• [Records shown]:
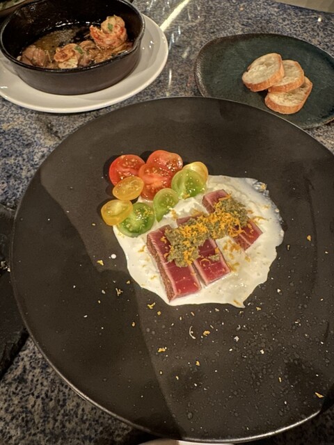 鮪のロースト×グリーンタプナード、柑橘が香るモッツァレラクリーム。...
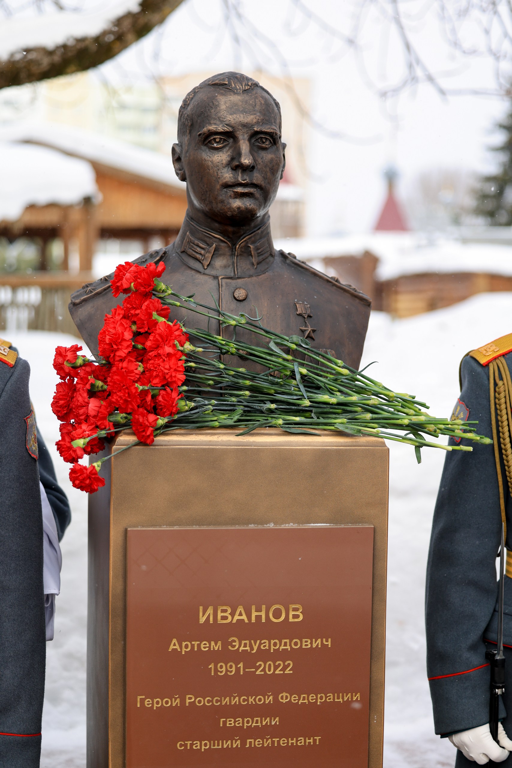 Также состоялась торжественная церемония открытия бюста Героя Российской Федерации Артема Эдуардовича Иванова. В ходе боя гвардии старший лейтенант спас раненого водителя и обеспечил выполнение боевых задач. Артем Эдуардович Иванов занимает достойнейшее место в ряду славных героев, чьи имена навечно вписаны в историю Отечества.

==

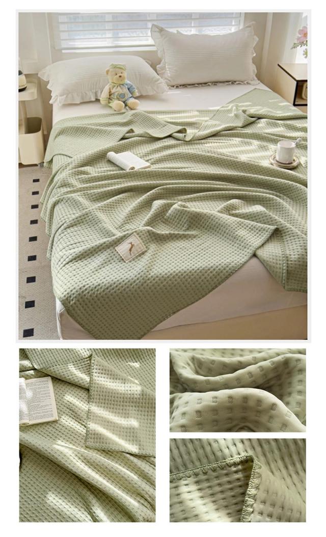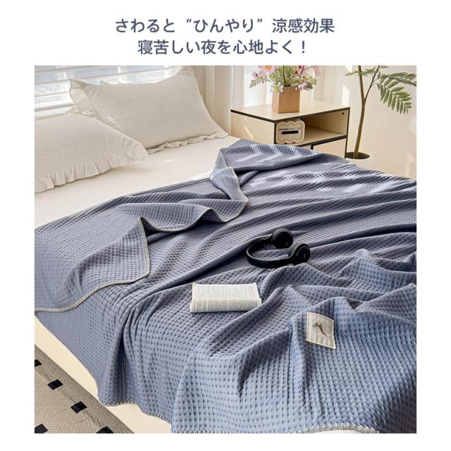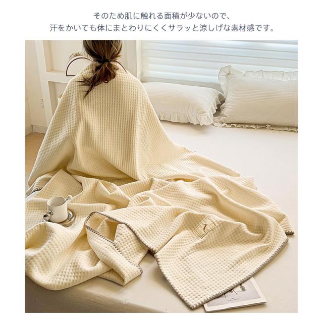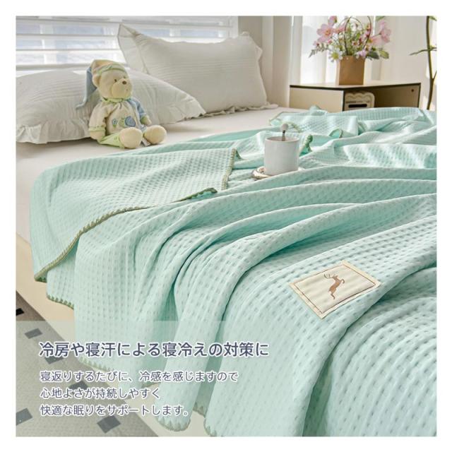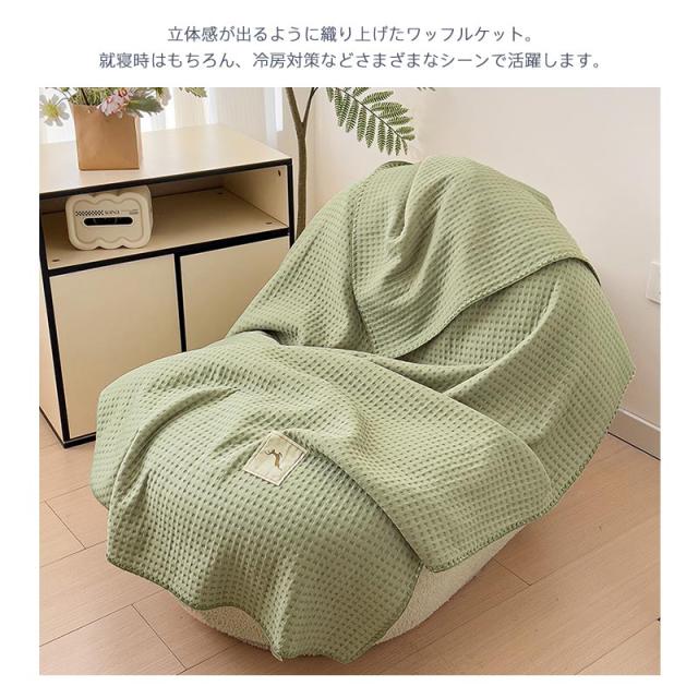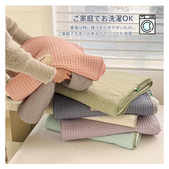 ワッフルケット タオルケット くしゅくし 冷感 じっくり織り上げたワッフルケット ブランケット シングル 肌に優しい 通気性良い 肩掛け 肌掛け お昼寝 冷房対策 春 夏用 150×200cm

• [Problem description]:
Look above for the line with "鮪のロースト×グリーンタプナード、柑橘が香るモッツァレラクリーム。...", then print it and each line after it down to and including the line with "Также состоялась торжественная". Leave out the pictures and keep the wording exact.

• [Your solution]:
 鮪のロースト×グリーンタプナード、柑橘が香るモッツァレラクリーム。...
 Также состоялась торжественная церемония открытия бюста Героя Российской Федерации Артема Эдуардовича Иванова. В ходе боя гвардии старший лейтенант спас раненого водителя и обеспечил выполнение боевых задач. Артем Эдуардович Иванов занимает достойнейшее место в ряду славных героев, чьи имена навечно вписаны в историю Отечества.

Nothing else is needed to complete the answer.